3.5.1 Histological and Clinical Prognostic Factors
Tumor histology and several clinical variables have been shown to affect the prognosis of patients diagnosed with DLGG. Median survival is longest for patients diagnosed with oligodendroglial tumors (~12.5 years) and shortest for patients with astrocytic tumors (~7 years), with intermediate survival for oligoastrocytomas (~11 years) [3, 4]. Relative survival rates (1-, 2-, 5-, and 10-year) for diffuse astrocytoma and oligodendroglioma by age are presented in Fig. 3.4 , and clearly illustrate the poorer overall survival for astrocytoma relative to oligodendroglioma, and the worse survival among older age groups for both histological subtypes.

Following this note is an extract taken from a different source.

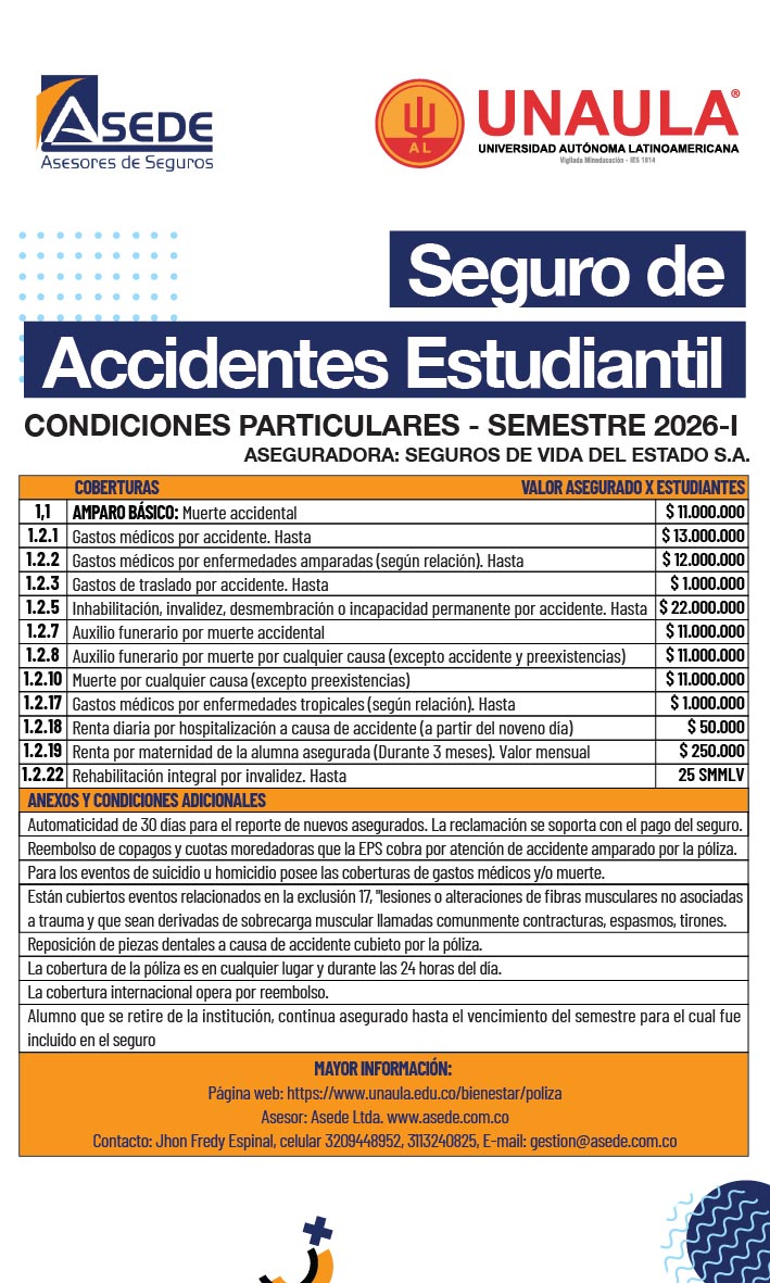 Como estudiante, eres beneficiario de un seguro de accidentes que la Universidad contrata para ti:

Other prognostic variables include functional level as measured by Karnofsky performance status and tumor size and location [52]. While there is considerable observational evidence that the extent of surgical resection is associated with better survival [68], it has been noted that this may be related to differential tumor aggressiveness according to operable vs. inoperable brain locations or clinical judgment [3]. Evidence is more conclusive that early surgical resection improves survival relative to a watchful waiting approach [69, 70]. Radiation therapy has been shown to delay time to recurrence, but does not improve and may worsen overall survival [3, 71]. Data on the impact of chemotherapy with temozolomide (TMZ) on DLGG survival are limited [72–75].